• [Your goal]: In the records below, find every line with the word "woman" and copy it.
______
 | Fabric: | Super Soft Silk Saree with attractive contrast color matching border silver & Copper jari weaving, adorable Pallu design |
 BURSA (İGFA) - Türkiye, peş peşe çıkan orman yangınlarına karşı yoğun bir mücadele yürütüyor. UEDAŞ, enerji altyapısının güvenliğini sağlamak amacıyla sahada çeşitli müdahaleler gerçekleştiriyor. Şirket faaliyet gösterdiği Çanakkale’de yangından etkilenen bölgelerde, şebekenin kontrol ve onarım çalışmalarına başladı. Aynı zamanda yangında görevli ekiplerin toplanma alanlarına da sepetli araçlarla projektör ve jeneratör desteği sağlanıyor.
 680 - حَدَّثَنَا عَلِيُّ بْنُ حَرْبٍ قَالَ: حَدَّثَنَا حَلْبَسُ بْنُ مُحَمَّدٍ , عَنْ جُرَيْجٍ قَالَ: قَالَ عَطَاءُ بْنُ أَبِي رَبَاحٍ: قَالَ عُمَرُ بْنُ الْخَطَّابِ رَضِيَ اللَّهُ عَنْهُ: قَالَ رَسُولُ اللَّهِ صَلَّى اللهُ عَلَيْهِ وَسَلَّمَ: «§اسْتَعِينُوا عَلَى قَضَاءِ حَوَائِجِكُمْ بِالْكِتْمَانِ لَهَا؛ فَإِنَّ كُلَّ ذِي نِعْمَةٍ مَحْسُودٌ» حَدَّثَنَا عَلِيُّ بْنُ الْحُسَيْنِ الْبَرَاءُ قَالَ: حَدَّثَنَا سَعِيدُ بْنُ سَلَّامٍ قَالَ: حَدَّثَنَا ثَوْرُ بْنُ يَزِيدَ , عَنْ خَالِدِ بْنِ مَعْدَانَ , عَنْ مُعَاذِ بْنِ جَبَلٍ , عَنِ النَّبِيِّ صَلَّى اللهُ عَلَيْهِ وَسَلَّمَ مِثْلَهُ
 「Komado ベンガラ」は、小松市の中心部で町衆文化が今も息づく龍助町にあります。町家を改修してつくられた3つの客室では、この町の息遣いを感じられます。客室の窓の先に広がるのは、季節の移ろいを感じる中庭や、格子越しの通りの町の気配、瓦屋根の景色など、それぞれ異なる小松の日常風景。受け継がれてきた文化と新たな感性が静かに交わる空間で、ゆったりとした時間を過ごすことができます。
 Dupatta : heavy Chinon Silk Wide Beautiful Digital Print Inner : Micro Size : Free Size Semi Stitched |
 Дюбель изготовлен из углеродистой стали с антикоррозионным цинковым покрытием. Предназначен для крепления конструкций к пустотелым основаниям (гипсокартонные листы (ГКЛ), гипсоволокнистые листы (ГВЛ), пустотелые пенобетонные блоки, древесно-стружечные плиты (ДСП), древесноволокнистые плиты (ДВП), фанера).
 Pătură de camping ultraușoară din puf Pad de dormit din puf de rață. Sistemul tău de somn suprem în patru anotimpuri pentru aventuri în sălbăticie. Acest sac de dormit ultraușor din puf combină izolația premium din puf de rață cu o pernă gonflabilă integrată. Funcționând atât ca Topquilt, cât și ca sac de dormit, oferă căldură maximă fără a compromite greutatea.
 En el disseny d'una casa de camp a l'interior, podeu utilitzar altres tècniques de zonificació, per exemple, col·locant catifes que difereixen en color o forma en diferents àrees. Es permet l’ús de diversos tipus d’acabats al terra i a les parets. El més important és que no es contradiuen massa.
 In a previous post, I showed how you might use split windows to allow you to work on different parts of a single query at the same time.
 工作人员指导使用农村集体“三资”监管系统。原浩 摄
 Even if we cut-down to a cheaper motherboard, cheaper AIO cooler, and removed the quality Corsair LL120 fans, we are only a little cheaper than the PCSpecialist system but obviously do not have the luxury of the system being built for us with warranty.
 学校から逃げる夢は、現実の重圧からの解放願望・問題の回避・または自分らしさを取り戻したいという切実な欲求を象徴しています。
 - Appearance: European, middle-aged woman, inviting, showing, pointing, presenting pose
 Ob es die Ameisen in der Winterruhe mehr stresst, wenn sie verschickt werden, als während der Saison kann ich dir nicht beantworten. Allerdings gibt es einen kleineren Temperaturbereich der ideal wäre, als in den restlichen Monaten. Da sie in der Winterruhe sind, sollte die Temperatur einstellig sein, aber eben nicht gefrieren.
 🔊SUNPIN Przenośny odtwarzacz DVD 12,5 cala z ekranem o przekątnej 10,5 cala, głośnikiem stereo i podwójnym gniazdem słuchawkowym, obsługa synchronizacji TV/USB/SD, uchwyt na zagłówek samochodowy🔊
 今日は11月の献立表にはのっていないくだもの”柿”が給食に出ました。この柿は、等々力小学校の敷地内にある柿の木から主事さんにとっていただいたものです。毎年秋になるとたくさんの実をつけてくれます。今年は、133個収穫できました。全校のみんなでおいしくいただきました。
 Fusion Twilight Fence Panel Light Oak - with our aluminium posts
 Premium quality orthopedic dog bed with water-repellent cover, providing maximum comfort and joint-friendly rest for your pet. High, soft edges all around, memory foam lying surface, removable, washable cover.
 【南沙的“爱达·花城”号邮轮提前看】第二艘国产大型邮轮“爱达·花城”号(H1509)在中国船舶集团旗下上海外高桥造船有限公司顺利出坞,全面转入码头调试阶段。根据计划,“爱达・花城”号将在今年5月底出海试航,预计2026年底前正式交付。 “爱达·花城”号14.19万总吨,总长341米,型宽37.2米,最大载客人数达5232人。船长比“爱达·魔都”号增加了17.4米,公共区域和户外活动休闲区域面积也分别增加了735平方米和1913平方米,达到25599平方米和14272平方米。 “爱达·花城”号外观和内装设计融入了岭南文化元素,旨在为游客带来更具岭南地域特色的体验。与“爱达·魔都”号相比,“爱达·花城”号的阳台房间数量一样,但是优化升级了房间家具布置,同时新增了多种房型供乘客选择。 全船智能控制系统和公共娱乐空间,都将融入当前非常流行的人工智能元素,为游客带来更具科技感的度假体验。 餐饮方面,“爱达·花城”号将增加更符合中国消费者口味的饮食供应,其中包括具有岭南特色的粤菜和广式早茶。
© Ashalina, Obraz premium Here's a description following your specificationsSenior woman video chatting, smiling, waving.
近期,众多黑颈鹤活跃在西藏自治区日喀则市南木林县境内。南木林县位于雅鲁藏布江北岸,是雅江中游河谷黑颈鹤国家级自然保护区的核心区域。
______
• [Task output]:
 - Appearance: European, middle-aged woman, inviting, showing, pointing, presenting pose
© Ashalina, Obraz premium Here's a description following your specificationsSenior woman video chatting, smiling, waving.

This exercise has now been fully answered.